Harmonie du soir

Marie Laurencin, Danseuses espagnoles (détail), 1920-1921 (en ce moment à la Barnes Foundation, Philadelphie)

J’aime ici, dans notre enclave pennsylvanienne, l’équilibre de nos soirées, les alternances et les harmonies qu’elles permettent. Ce soir, seule avec les enfants, je prépare un dîner semi-japonais, fais la vaisselle, le tout dans une longue paix – l’entropie et les cris réduits au minimum.

Je m’accoude à l’îlot en chêne de la cuisine, allume le haut-parleur, sélectionne un morceau. Cela m’arrive rarement, de ne rien faire, juste de m’arrêter et d’écouter la musique.

A. est en train de se préparer pour se coucher, il me glisse : « Maman, tu écoutes toujours le même Nocturne de Chopin. »

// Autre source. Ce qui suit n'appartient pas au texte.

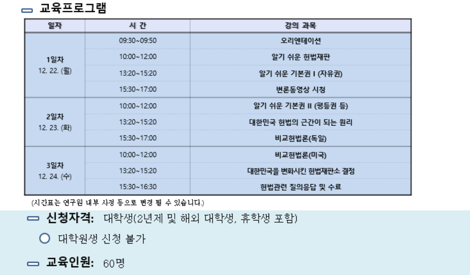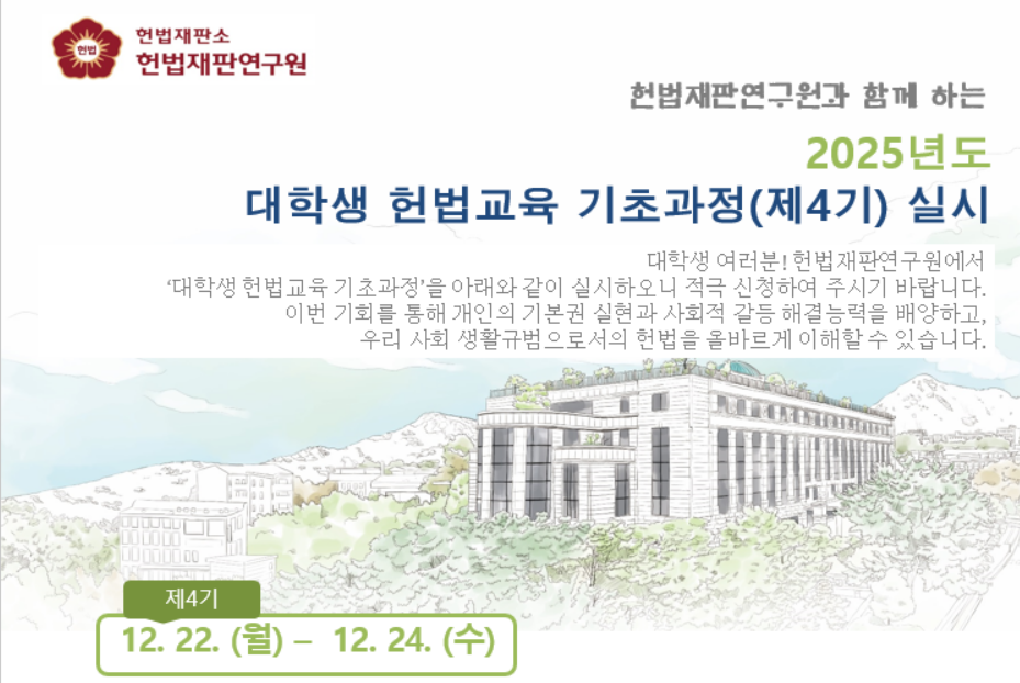 헌법재판연구원에서 대학생 헌법교육 기초과정 제4기에 참여하실 대학생들을 모집합니다.

Son : non pas le Nocturne en question, mais Carnaval, Op. 9 : XII. Chopin (1834, interprété par Daniil Trifonov, 2017), écrit par Robert Schumann en évocation à Chopin. Le premier vouait une grande admiration – non réciproque – au second. Quelle vie, ce pauvre Schumann, entre la longue lutte pour pouvoir se marier avec celle qu’il aime (Clara), les acouphènes et les hallucinations musicales sur la fin, terminer sa vie à l’asile après s’être jeté dans le Rhin en pantoufles.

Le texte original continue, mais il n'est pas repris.